Count strings in a corpus

Usage

cas_count(
  corpus,
  pattern,
  text = text,
  group_by = date,
  ignore_case = TRUE,
  drop_na = TRUE,
  fixed = FALSE,
  full_words_only = FALSE,
  pattern_column_name = pattern,
  n_column_name = n,
  locale = "en"
)

Arguments

corpus

A textual corpus as a data frame.

pattern

A character vector of one or more words or strings to be counted.

text

Defaults to text.
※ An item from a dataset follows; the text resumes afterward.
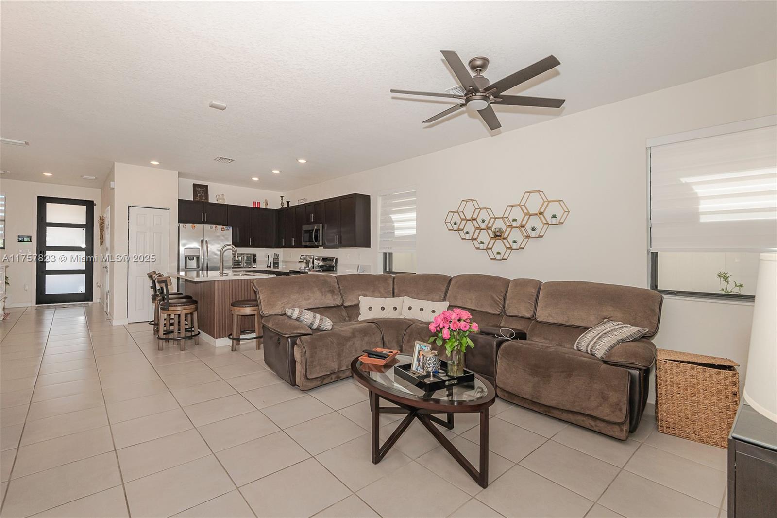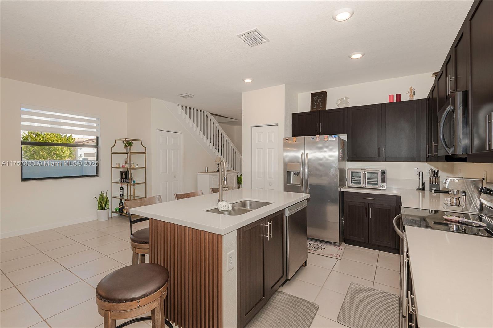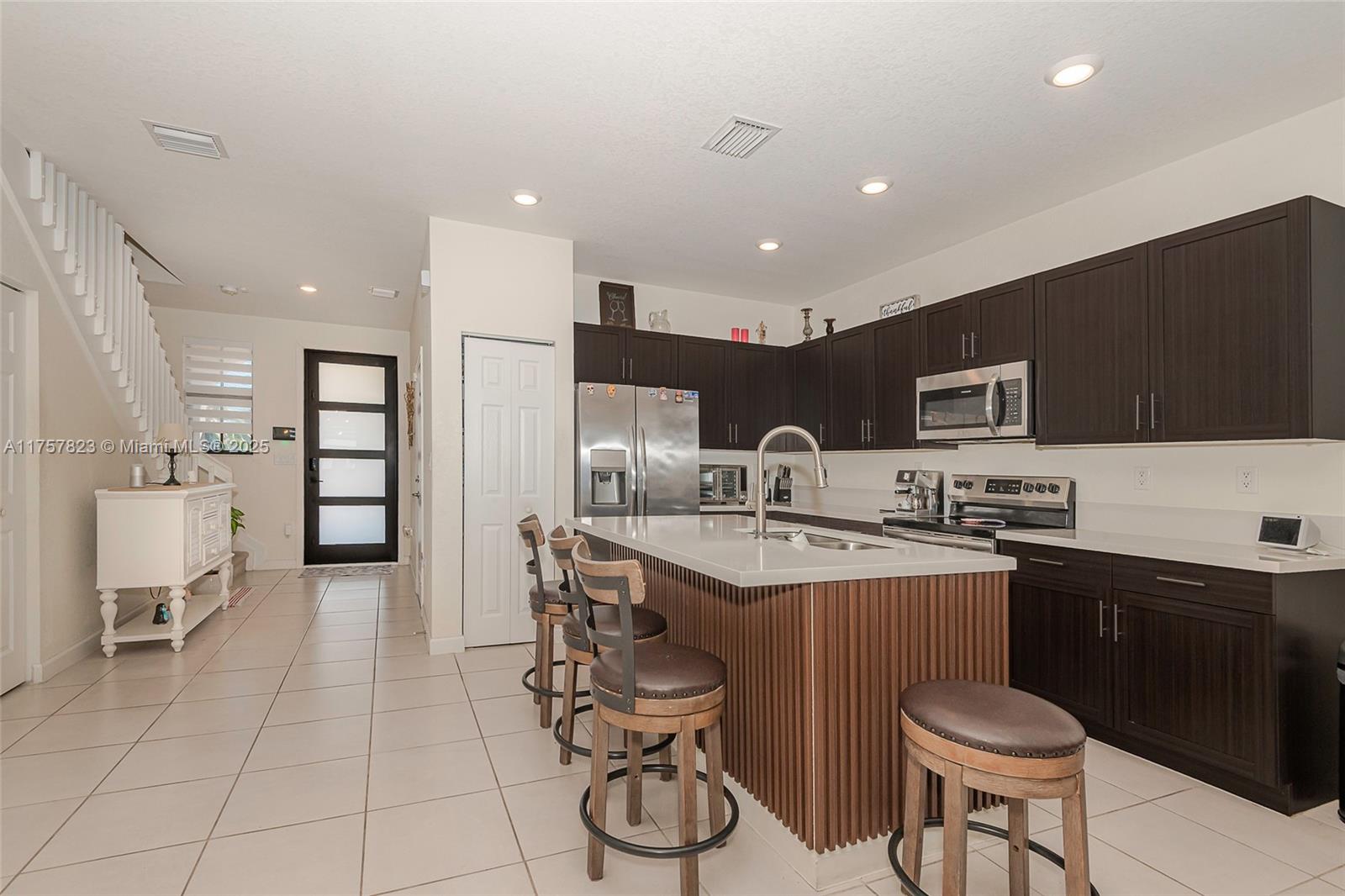 This elegant and spacious 5-bedroom, 3-bathroom single-family home is located in the well-established gated community of Aquabella. Featuring tile and carpet floors, the home offers a luxurious and inviting atmosphere. The open-concept living and dining areas are bright and spacious, creating a perfect space for family gatherings. The kitchen is equipped with modern appliances and ample storage. The large bedrooms include a master suite with a private bathroom. Washer and dryer conveniently located on second floor. Outside, enjoy a beautiful above ground pool and patio area, perfect for entertaining. New A/C. The pavered driveway and curve appeal adds to the home's charm, providing privacy. This home is ideal for those seeking spacious living space in a peaceful community.

The unquoted name of the column of the corpus data frame to be used for matching.

group_by

Defaults to NULL. If given, the unquoted name of the column to be used for grouping (e.g. date, or doc_id, or source, etc.)

ignore_case

Defaults to TRUE.

drop_na

Defaults to TRUE. If TRUE, all rows where either text or group_by column is NA are removed before further processing.

full_words_only

Defaults to FALSE. If FALSE, string is counted even when the it is found in the middle of a word (e.g. if FALSE, "ratio" would be counted as match in the word "irrational").

pattern_column_name

Defaults to word. The unquoted name of the column to be used for the word in the output.

n_column_name

Defaults to n. The unquoted name of the column to be used for the count in the output.

locale

Locale to be used when ignore_case is set to TRUE. Passed to stringr::str_to_lower, defaults to "en".

Value

A data frame

Examples

if (FALSE) {
cas_count(
  corpus = corpus,
  pattern = c("dogs", "cats", "horses"),
  text = text,
  group_by = date,
  n_column_name = n
)
}